Attosecond soft X-Ray spectroscopy reveals the correlated interaction between charges and phonons in real time

The interaction between electrons and nuclei in molecules and solids has a profound impact on their properties. It affects aspects like conductivity, energy storage, phase transitions, and superconductivity. Recently, a team led by ICREA Prof. Jens Biegert at ICFO has introduced a groundbreaking technique for studying these interactions in real-time using attosecond soft X-ray spectroscopy.

This method involves using extremely short bursts of soft X-rays with photon energies covering the water-window range. By employing high-order harmonic generation with a powerful short-wavelength infrared pulse, the team achieved the generation of a remarkably short 165 attosecond pulse with photon energies up to 600 eV. When directed at a sample, these high-energy X-ray photons can excite electrons in the K-shell or L-shell to unoccupied or continuum states.

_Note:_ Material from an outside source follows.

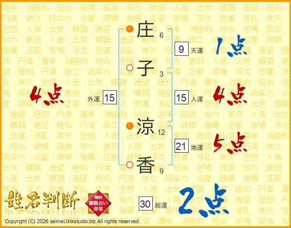 庄子涼香さんの総運は30画の2点!
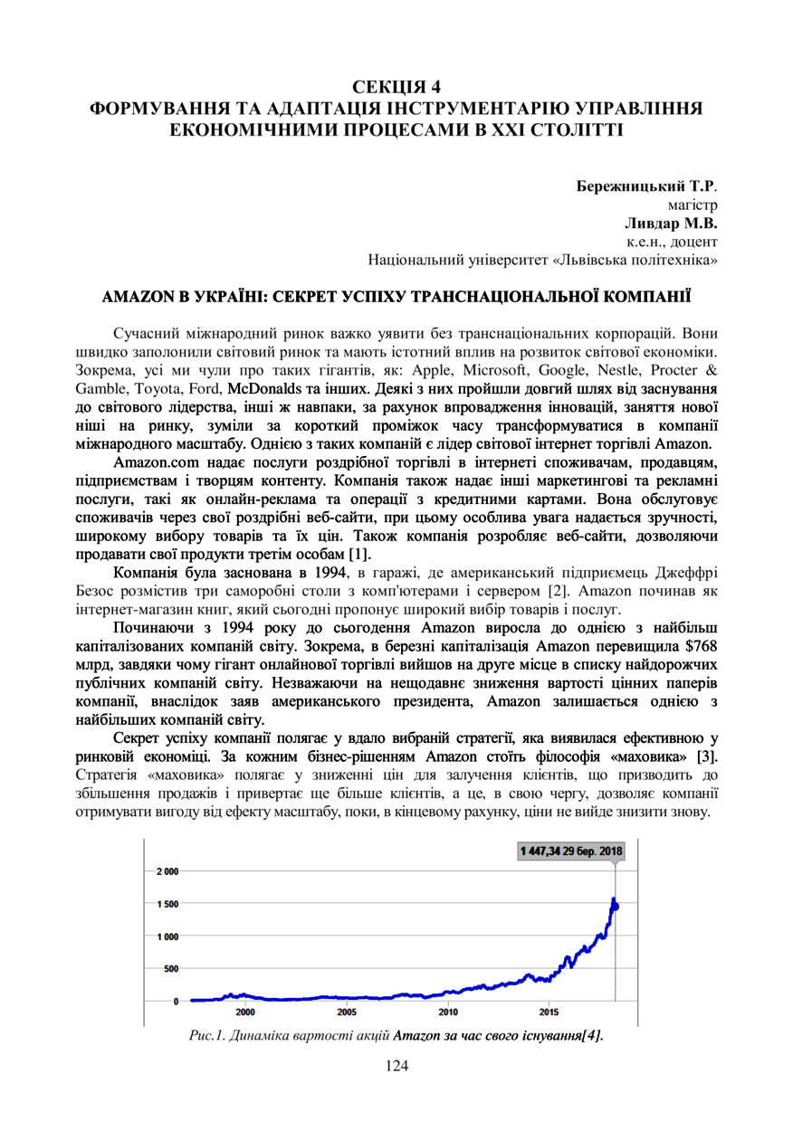 Бережницький Т. Р. Amazon в Україні: секрет успіху транснаціональної компанії / Т. Р. Бережницький, М. В. Ливдар // Управління економічними процесами на макро- і мікрорівні: проблеми та перспективи вирішення : матеріали ІІІ Міжнародної науково-практичної інтернет-конференції молодих учених, 24–25 квітня 2018 р., Львів. — Львів : Видавництво Львівської політехніки, 2018. — С. 124–125. — (Формування та адаптація інструментарію управління економічними процесами в ХХІ столітті).

Attosecond soft X-ray absorption spectroscopy is a formidable tool that enables researchers to simultaneously explore both electronic and structural aspects of materials. This innovation allows for capturing atomic-scale snapshots with unprecedented attosecond precision, offering deep insights into the intertwined behaviors of electrons and phonons. Understanding these nonequilibrium and correlated interactions is crucial for advancing condensed matter science and designing intelligent materials with tailored properties, such as efficient light harvesting, energy storage, and information processing.

The findings from this study have been published in the Ultrafast Science journal.